» **MATERIAL PROVIDED**:
╔══

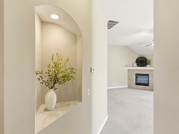 Gas log fireplaceSplit-bedroom floor planNewer carpet and paintStainless steel refrigeratorUpgraded cabinetsFresh landscapingEn suite bathroom
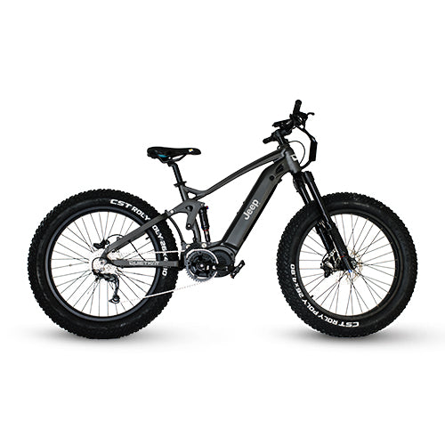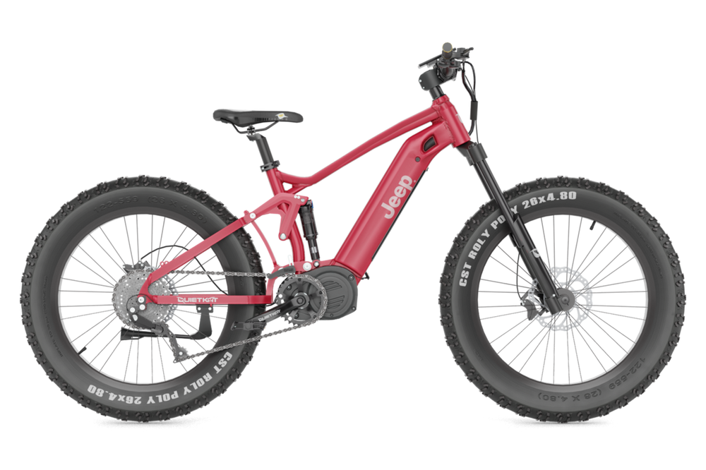 Whether you take on a single track through the woods or an all-mountain ride, the Jeep® eBike lets you harness the off-road capabilities of a Jeep® with the industry-leading technology of a QuietKat. Its fat tires stick when you need them and the full suspension soaks up trail bumps for a smooth ride.
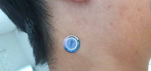 목에 스티커로 된 온도계를 붙이고 하루에 오전/오후 각각 해서 총 두번 체온을 재서 자가격리 앱에서 자가진단을 해야 한다. 정확히 몇 도인지는 알 수 없고, 색깔을 기준으로 Normal이면 섭씨 35~37.5도 사이라는 광범위한 구간에 해당된다. 그냥 36.5도라고 썼다.

╚══

» **WHAT THE TASK ASKS**: Give the data again exactly, without pictures.

» **TASK RESULT**:
 Gas log fireplaceSplit-bedroom floor planNewer carpet and paintStainless steel refrigeratorUpgraded cabinetsFresh landscapingEn suite bathroom
 Whether you take on a single track through the woods or an all-mountain ride, the Jeep® eBike lets you harness the off-road capabilities of a Jeep® with the industry-leading technology of a QuietKat. Its fat tires stick when you need them and the full suspension soaks up trail bumps for a smooth ride.
 목에 스티커로 된 온도계를 붙이고 하루에 오전/오후 각각 해서 총 두번 체온을 재서 자가격리 앱에서 자가진단을 해야 한다. 정확히 몇 도인지는 알 수 없고, 색깔을 기준으로 Normal이면 섭씨 35~37.5도 사이라는 광범위한 구간에 해당된다. 그냥 36.5도라고 썼다.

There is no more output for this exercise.